Ответ: он так долго и настойчиво покусывал мои соски, что ощущения становились почти болезненными. Но вскоре эта сладострастная пытка породила возбуждение, которое разлилось по моей груди, животу и дальше, ниже, к напрягшемуся и распускающемуся бутону, сокрытому от глаз.
Вопрос: о каких предательствах говорил Дэвид, когда в утонувшей во тьме комнате, отдав меня моим истязателям, он выплюнул мне прямо в лицо всю ненависть, которую питал к брату?
Ответ: Луи исследовал каждый сантиметр моего тела своим гибким, влажным, настойчивым языком.
Вопрос: какие еще секреты они скрывают от меня, тот и другой? Какое еще чувство связывает их с общей любовью юности, Авророй?
Ответ: он отнес меня на единственный стул, находившийся в комнате, сел на него и посадил меня к себе на колени так, что я очутилась прямо на его возбужденном члене. Наши тела сливались в ярком свете, падавшем из соседнего окна. В это мгновенье мы были единым силуэтом, который опускался и поднимался, сначала медленно, а затем все быстрее и быстрее. Луи так глубоко вошел в меня, что я ощущала себя наполненной до краев. Когда наши губы слились воедино, между нами внезапно возник поток энергии, словно родившийся изнутри и циркулировавший по кругу между нашими телами, словно они были полушариями одной планеты. Мое наслаждение вытекло кипящими ручьями, световым потоком, который в тот же миг ослепил нас.
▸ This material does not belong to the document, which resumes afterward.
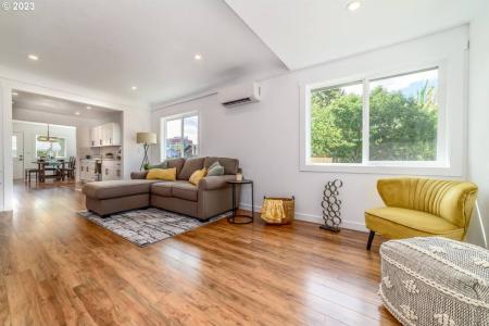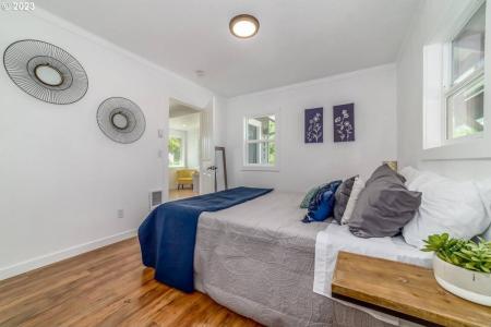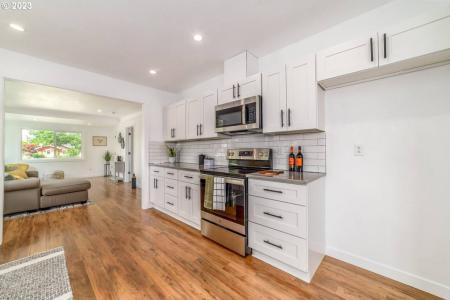 Prime Location. This stunning home is nestled in the heart of Eugene. Situated in the highly sought-after Jefferson Westside Neighborhood, this fully renovated home is a true gem. If you love hosting and... entertaining, this open-concept design facilitates effortless movement throughout the house. The spacious layout features a gleaming new kitchen with quartz countertops and a stylish tile backsplash. The bathrooms have been completely revamped and the house boasts laminate flooring, brand-new windows, fresh siding and a freshly painted interior and exterior. The living room is graced with elegant coved ceilings. Other notable features include a low-maintenance metal roof, ductless heating and cooling, updated plumbing and electrical systems. Step outside to the carport and a fenced yard. This fantastic property is conveniently close to downtown, shopping, dining, the University of Oregon, Jefferson Memorial Park, Charnel Mulligan Park and scenic bike paths. It's a must-see, offering a superb renovation that will surely impress. Washer/Dryer hookups. Tenants pay all utilities and are responsible for yard care. 11 month lease with option to renew. Dishwasher, Electric Stove, Refrigerator, Blinds, Washer Dryer Hookups, Fence, Lawn & Pet Friendly. Listing provided by RentalSource.

Да, к счастью, я больше не была в объятиях призрака. Наконец он входил в меня, дрожал на мне, стонал мне на ухо. Наконец его запах не был лишь воспоминанием, и я окутывалась в эту пелену ощущений, словно щенок, кувыркающийся в одеяле.
Когда я ногтями поцарапала спину и правое плечо Луи, его лицо на мгновенье исказила гримаса боли. Любопытный взгляд, тут же брошенный мной на его шею, открыл для меня новую причуду Человека-Алфавита (хотя, впрочем, я знала от Стефан об этом его плане): две буквы S. F., обозначающие Semper Fidelis (лат. всегда верен), были вытатуированы на коже без завитков, четко и резко. Всегда верен. Верен кому? Мне? Той клятве, которую мы только что произнесли?
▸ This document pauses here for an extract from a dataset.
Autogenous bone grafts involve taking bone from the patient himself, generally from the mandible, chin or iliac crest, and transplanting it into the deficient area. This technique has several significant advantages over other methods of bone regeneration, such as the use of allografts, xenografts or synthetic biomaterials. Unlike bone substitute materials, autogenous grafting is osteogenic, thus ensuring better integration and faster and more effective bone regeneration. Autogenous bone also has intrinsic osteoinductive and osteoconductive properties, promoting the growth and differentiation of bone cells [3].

На секунду у меня появилось желание задать ему вопрос: не предает ли он меня в некотором смысле, храня молчание и скрывая от меня свое прошлое.
Но он обхватил мои бедра и крепко прижал меня к себе. После ночи, полной вздохов и стонов, день, когда мы стали мужем и женой, только начинался. И сейчас мне было так приятно довольствоваться этим фактом. Наслаждаться и наслаждаться снова, чтобы забыть обо всем остальном. Чтобы лучше защитить нас.
1
8 июня 2010
Мы провели не больше суток в комнате номер два. Теперь, когда перед нами лежала целая жизнь, казалось, что время удивительным образом сжалось. Это был страх, который мне представлялся необоснованным и который я с трудом могла принять.
– Почему бы нам не остаться здесь? – произнесла я из-под мятых простыней. – Ведь здесь хорошо, да?
Безусловно, в моей мольбе прозвучала нотка ностальгии. В конечном счете месяцы, проведенные в «Жозефине», были созвучны с удовольствием, ленью и беспечностью. Идеальная жизнь-мечта, которая сияла в моих воспоминаниях как золотой век нашей любви.
Луи ответил мне обезоруживающей улыбкой, которая с нашей первой встречи разрушила все мои предубеждения по отношению к нему. Улыбка, которую остальные могли бы расценить как соблазнительную, но в которой для меня скрывались детская искренность и непосредственность. Необходимо сопротивляться соблазнителям, чрезмерно уверенным в себе, но разве можно всерьез бороться с такой свежестью и сладостью?
Он свернул подушку валиком так, чтобы его лицо оказалось на одном уровне с моим, и ленивые лучи уходящего дня раскрасили радужными красками его глаза.
– Должен ли я напомнить мадам Барле, что в ее распоряжении отныне есть более уютный дом?
Ласкаемая ровным дыханием Луи и легкими нотками его парфюма, я была не в состоянии спорить.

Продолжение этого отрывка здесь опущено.